(WHAT IS EXPECTED) Your response is a verbatim copy of the listing, stripped of its images.

(DATA BELOW)
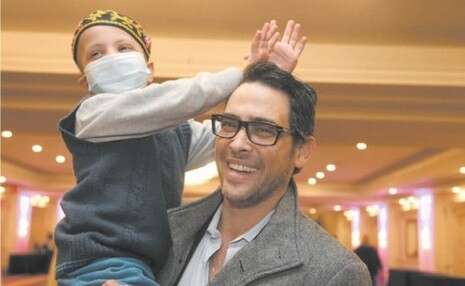 אמיר פרישר גוטמן עם הילד חולה הסרטן אליאב כהן, באירוע של ''עזרה למרפא''
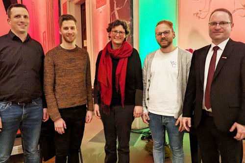 Von links: Urs Bicheler (Landes-Popkantor), Johannes Lorenz, Carmen Andruschkewitsch, Benjamin Steinhoff, Pfarrer Cornelius Kuttler (Leiter des EJW)
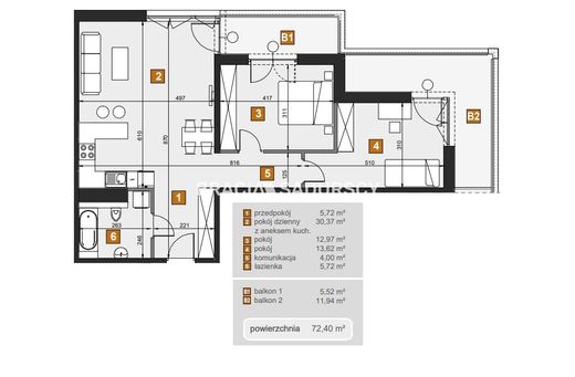 Luxus-Apartment mit 72 m2 zu verkaufen in Babińskiego, Krakau, Kraków, Woiwodschaft Kleinpolen

(YOUR RESPONSE)
 אמיר פרישר גוטמן עם הילד חולה הסרטן אליאב כהן, באירוע של ''עזרה למרפא''
 Von links: Urs Bicheler (Landes-Popkantor), Johannes Lorenz, Carmen Andruschkewitsch, Benjamin Steinhoff, Pfarrer Cornelius Kuttler (Leiter des EJW)
 Luxus-Apartment mit 72 m2 zu verkaufen in Babińskiego, Krakau, Kraków, Woiwodschaft Kleinpolen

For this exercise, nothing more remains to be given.